# Sighting in problems



## stimmie78 (Dec 8, 2007)

I've had problems with sighting in my muzzleloader. 
Gun issue traditions deer hunter kit I built two years ago. 1:48 twist 24" bbl. bullet is 385 grain hornady Great Plains lead bullet. Powder is pyrodex rs. With 90 grains it shoots very low and left. Like 6" each way. With 75 grains the elevation is good but still 6" left. I can't move the sight anymore left than it already is. I tried patch and ball and I get about the same. Just because, I shot the sks freehand before I left and still hit left. 

What am I doing wrong? Is it because I shoot left handed? I'm just fine with scoped guns and my handguns. 

Just getting frustrated today.


----------



## Mtnbeer (Jul 15, 2012)

Have you shot this gun before?


----------



## DallanC (Jan 13, 2009)

Get a drift punch and move that front sight to the left.


-DallanC


----------



## stimmie78 (Dec 8, 2007)

Figured it out. Don't have brain farts when sighting in your gun. Causes much frustration. :-?


----------



## stimmie78 (Dec 8, 2007)

Any patch readers?

https://flickr.com/photos/[email protected]/sets/72157656615807143

Pics are of the same 2 patches I found today. Just flipped over in the second pic.


----------



## fishreaper (Jan 2, 2014)

Seems like a pretty shredded patch, but if there is a dark, consistent imprint of your rifling then I assume the gas seal is good.As long as that shredding doesn't impose itself into the seal, or you get gaping holes, then you should be okay. If you're unhappy with your current accuracy, you may try other lubes or increase the amount of lube used.
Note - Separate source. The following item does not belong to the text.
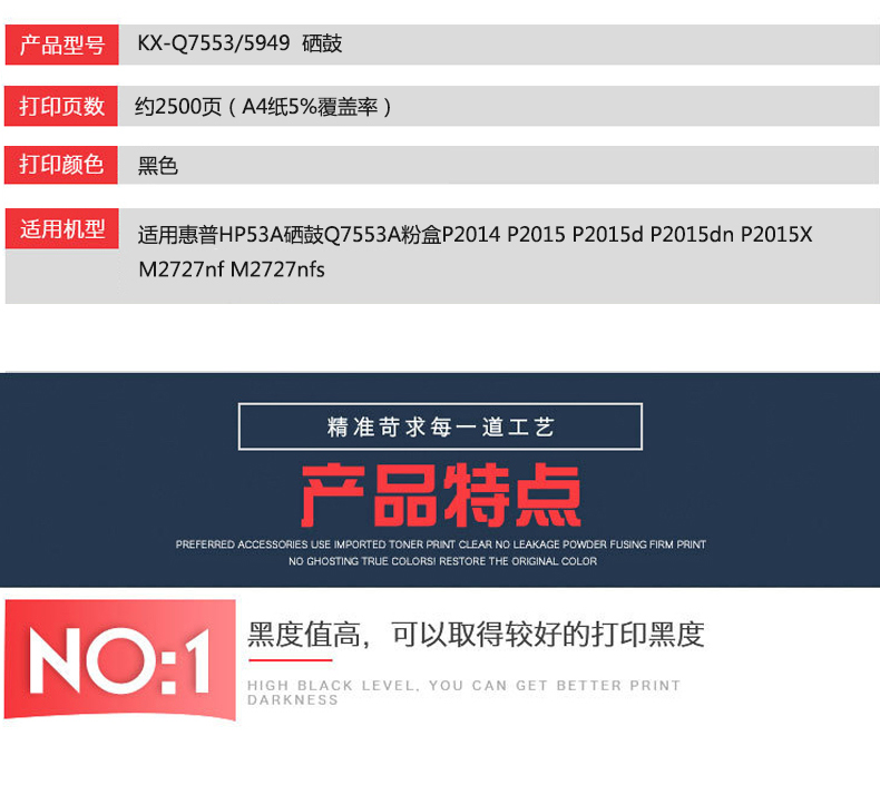 凱欣標準版 KX-Q7553/5949粉盒 適用惠普HP53A硒鼓Q7553A粉盒P2014 P2015 P2015d P2015dn 全國統(tǒng)一價:146元

Another option, if increased lube doesn't work out, would be to increase patch thickness. 

Brought to you by someone who knows just enough information to get into trouble.


----------



## DallanC (Jan 13, 2009)

Edges fraying is fine, they dont contact the ball anyway... what I like is that I dont see cutting of the patch from the riflings.


-DallanC


----------